ASSIGNMENT — The listing below holds pictures; exclude them. Return exactly the lines from the one with "Paroles et musique" through the one with "Find out what".
Start of PROVIDED ENTRIES
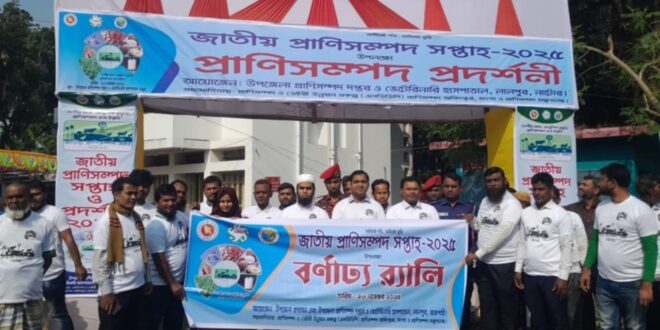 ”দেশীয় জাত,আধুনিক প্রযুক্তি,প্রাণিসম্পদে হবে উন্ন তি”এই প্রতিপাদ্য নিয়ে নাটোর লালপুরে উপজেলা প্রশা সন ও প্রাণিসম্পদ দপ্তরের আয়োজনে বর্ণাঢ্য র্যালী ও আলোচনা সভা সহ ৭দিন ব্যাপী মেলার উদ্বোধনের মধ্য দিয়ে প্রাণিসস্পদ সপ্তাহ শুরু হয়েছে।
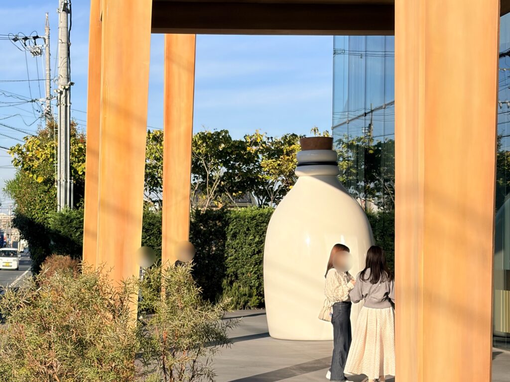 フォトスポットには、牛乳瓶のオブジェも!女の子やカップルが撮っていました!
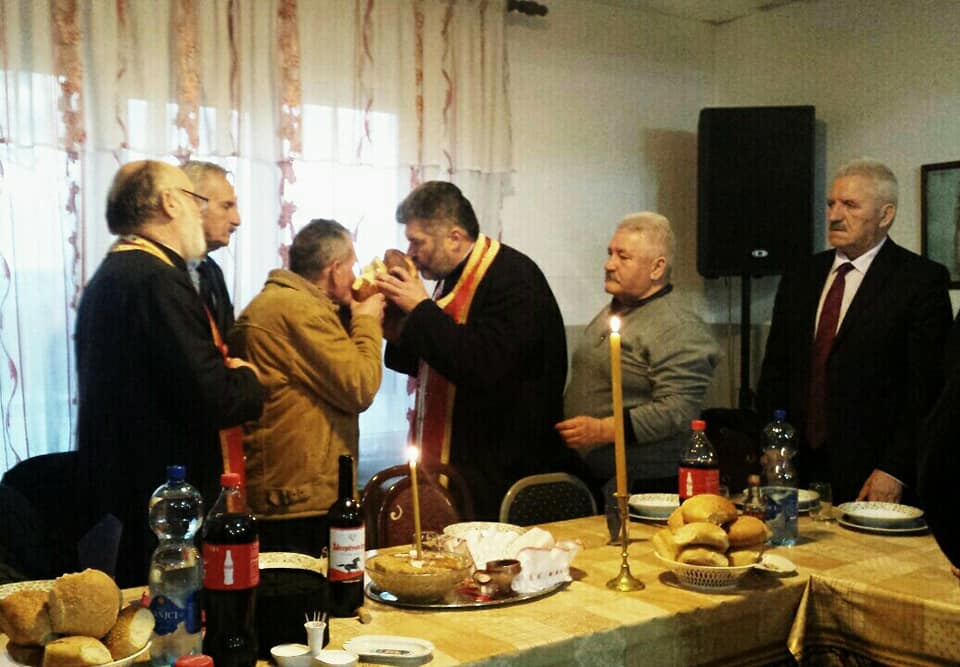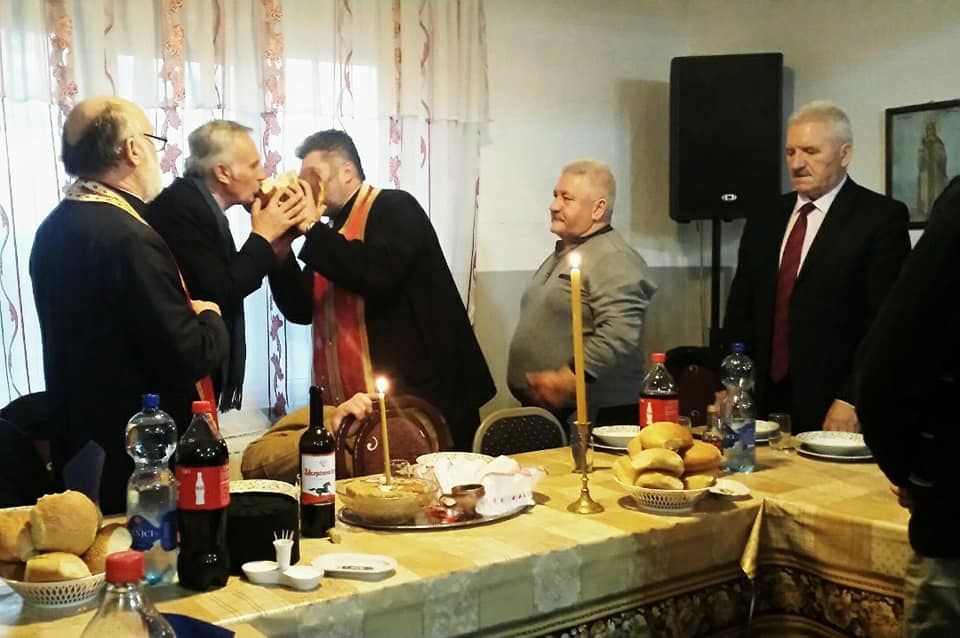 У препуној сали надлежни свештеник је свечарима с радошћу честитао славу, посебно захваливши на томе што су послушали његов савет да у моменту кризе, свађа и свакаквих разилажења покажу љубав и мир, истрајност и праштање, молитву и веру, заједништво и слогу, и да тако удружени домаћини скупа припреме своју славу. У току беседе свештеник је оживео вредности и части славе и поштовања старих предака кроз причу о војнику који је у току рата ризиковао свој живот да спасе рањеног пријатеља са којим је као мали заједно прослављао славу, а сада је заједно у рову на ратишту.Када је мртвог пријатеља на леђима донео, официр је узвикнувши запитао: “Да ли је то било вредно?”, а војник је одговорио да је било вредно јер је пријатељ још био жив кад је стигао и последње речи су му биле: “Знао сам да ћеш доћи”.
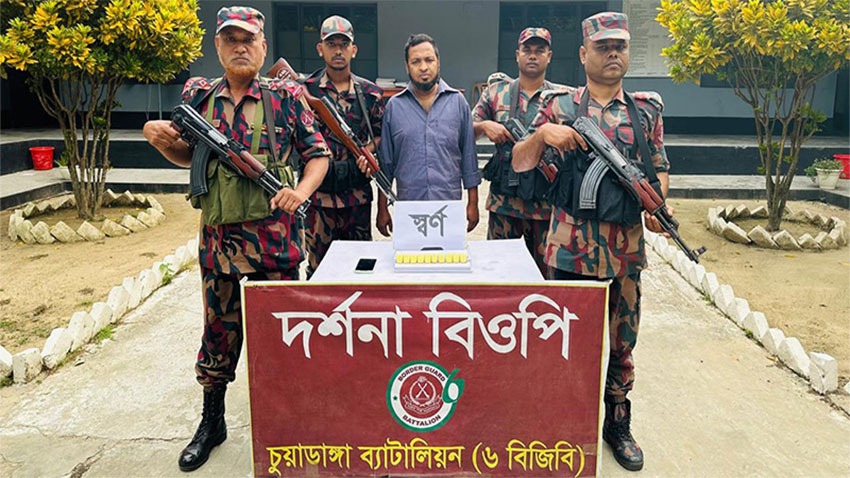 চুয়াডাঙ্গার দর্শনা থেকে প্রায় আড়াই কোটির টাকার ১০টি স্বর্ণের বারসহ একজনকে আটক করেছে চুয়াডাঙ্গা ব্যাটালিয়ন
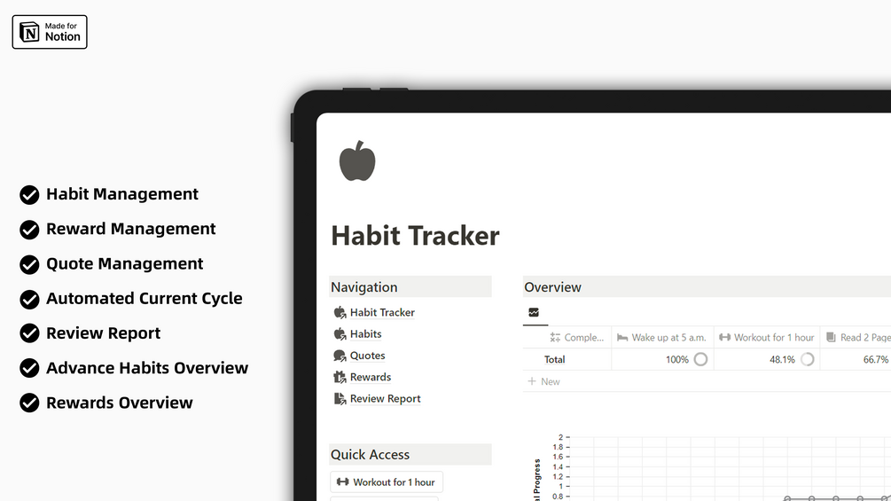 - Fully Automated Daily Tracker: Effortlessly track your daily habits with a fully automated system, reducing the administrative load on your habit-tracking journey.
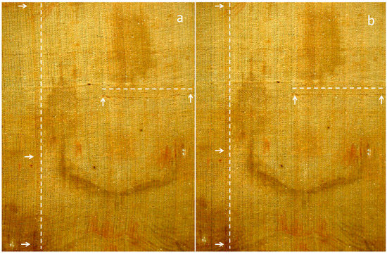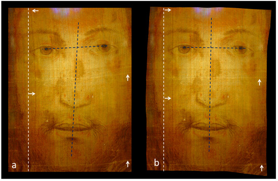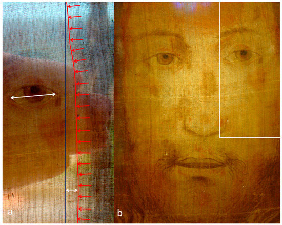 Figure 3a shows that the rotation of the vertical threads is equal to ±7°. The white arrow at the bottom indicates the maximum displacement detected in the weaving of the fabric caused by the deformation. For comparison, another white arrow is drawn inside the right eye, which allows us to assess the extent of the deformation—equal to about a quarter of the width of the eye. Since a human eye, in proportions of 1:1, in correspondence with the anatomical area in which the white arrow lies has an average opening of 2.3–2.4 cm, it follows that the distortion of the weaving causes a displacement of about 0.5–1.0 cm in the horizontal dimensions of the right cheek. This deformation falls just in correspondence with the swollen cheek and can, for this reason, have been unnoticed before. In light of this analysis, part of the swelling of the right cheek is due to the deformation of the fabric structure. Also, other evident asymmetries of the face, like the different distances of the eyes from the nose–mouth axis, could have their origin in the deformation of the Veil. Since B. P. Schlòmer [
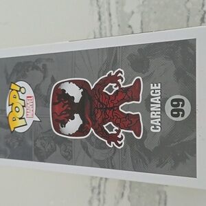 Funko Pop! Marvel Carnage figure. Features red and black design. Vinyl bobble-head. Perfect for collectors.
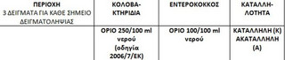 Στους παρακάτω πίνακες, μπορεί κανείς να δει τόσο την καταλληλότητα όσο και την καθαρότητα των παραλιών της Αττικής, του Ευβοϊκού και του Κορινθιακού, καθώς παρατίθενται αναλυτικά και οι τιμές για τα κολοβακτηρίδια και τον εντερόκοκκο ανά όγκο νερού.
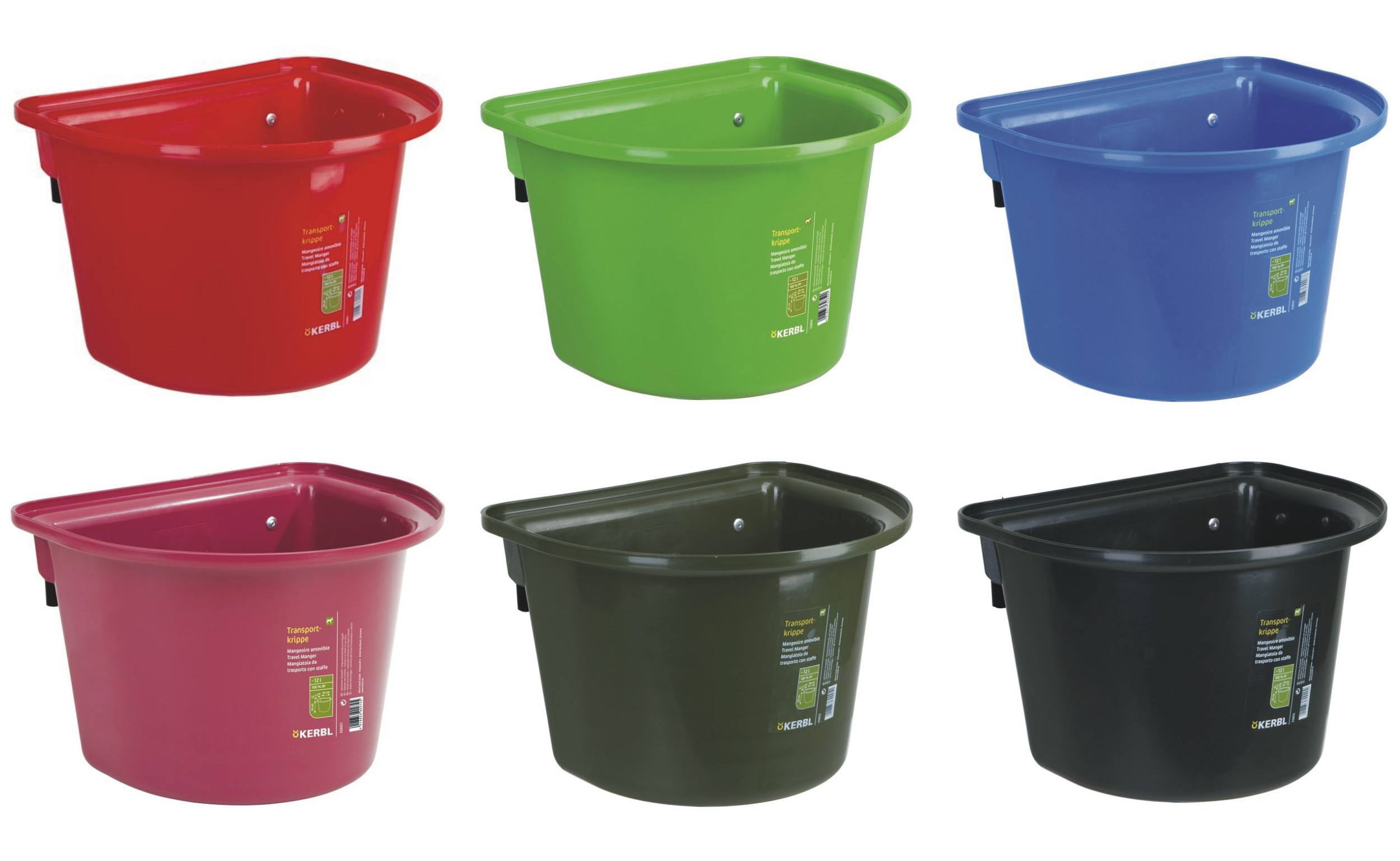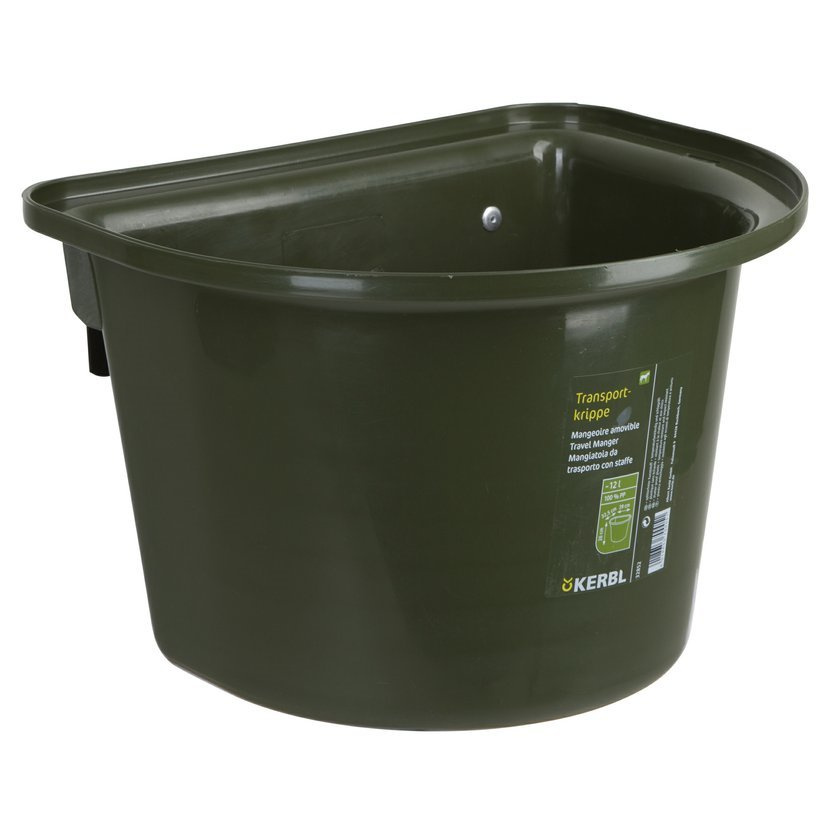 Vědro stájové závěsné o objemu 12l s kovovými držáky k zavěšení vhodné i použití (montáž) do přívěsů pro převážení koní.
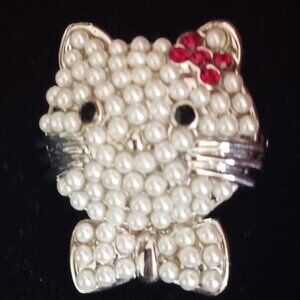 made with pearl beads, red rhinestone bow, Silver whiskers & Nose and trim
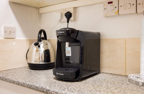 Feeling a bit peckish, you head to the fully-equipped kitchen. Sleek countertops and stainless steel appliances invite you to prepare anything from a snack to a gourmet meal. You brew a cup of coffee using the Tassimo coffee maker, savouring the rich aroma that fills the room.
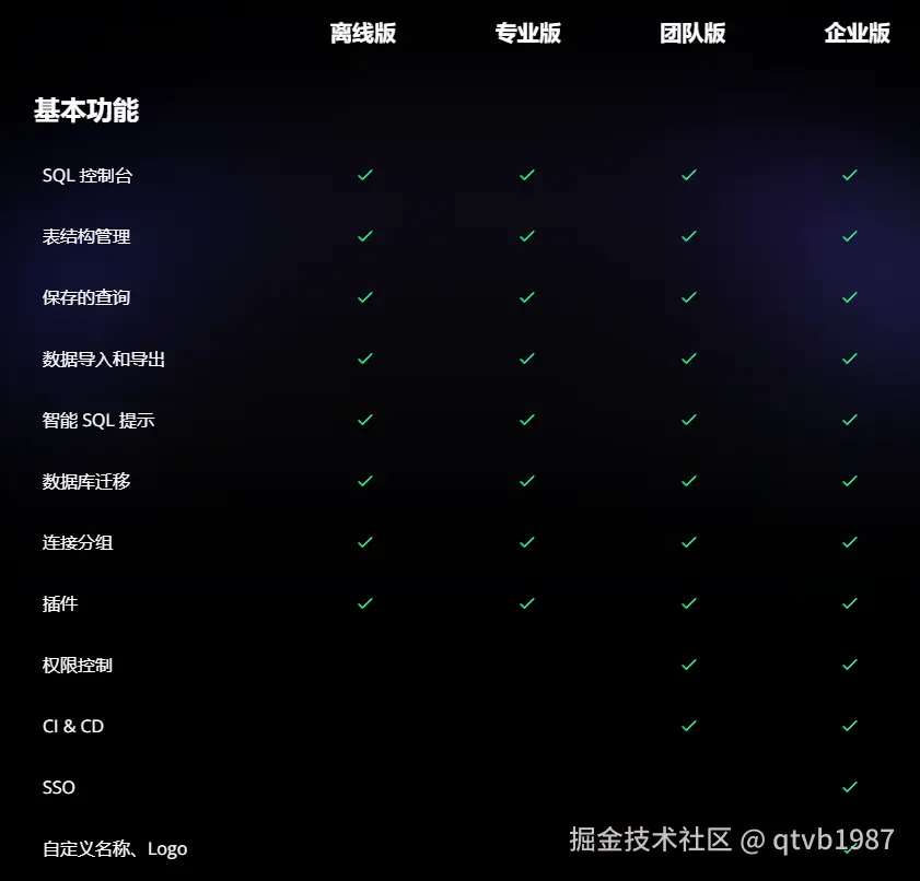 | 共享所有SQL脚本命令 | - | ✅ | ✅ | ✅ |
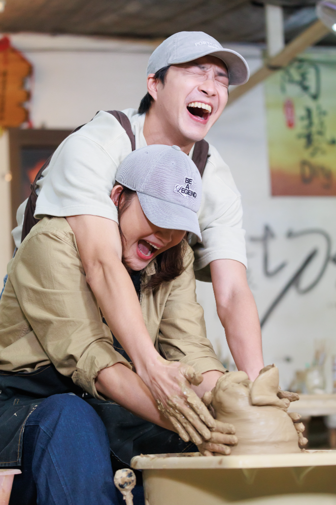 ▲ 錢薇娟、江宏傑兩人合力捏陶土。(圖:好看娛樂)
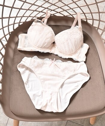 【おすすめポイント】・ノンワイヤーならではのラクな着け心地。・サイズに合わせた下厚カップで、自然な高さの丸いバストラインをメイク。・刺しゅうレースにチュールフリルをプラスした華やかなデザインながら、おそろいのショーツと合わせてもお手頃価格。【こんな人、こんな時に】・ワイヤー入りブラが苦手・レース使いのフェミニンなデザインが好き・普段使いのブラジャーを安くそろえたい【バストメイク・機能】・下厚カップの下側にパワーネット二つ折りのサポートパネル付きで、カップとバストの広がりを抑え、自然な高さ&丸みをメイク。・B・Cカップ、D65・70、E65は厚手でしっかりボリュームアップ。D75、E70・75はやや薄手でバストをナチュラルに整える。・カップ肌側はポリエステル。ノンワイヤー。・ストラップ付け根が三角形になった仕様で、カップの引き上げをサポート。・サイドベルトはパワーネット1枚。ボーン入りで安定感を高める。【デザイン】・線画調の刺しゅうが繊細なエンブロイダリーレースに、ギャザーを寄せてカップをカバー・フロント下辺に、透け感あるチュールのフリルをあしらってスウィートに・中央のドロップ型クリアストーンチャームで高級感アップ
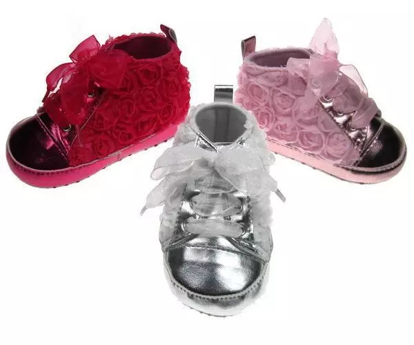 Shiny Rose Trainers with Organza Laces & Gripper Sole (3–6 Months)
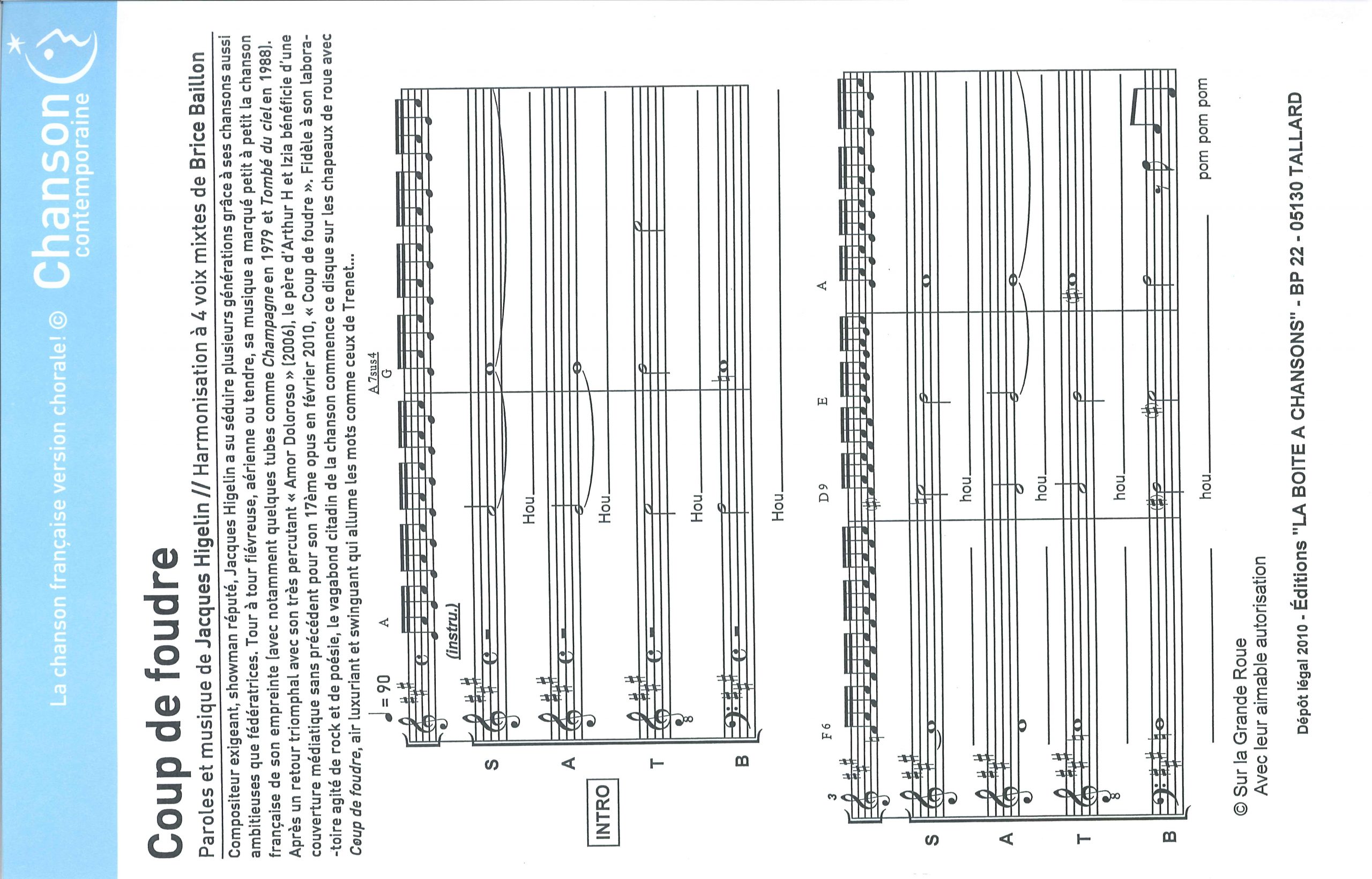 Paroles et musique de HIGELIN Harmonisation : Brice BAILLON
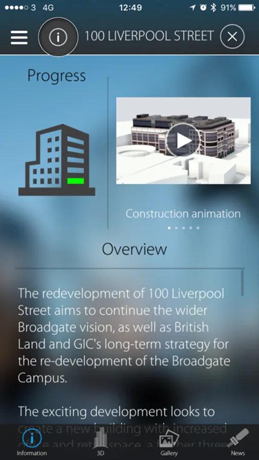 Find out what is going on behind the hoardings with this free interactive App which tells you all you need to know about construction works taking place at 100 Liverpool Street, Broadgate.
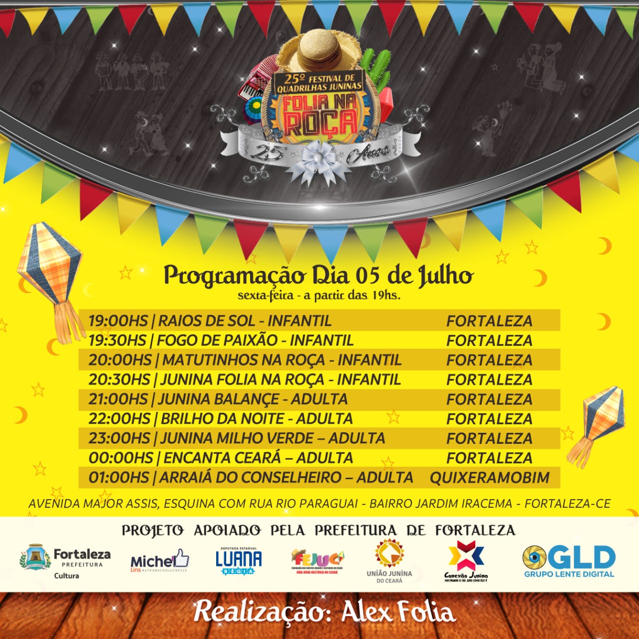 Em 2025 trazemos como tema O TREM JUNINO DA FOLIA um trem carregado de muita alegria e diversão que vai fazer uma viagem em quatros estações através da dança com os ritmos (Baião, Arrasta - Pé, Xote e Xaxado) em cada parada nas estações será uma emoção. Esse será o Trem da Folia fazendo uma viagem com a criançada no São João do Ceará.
End of PROVIDED ENTRIES
SOLUTION TO THIS PROBLEM —
 Paroles et musique de HIGELIN Harmonisation : Brice BAILLON
 Find out what is going on behind the hoardings with this free interactive App which tells you all you need to know about construction works taking place at 100 Liverpool Street, Broadgate.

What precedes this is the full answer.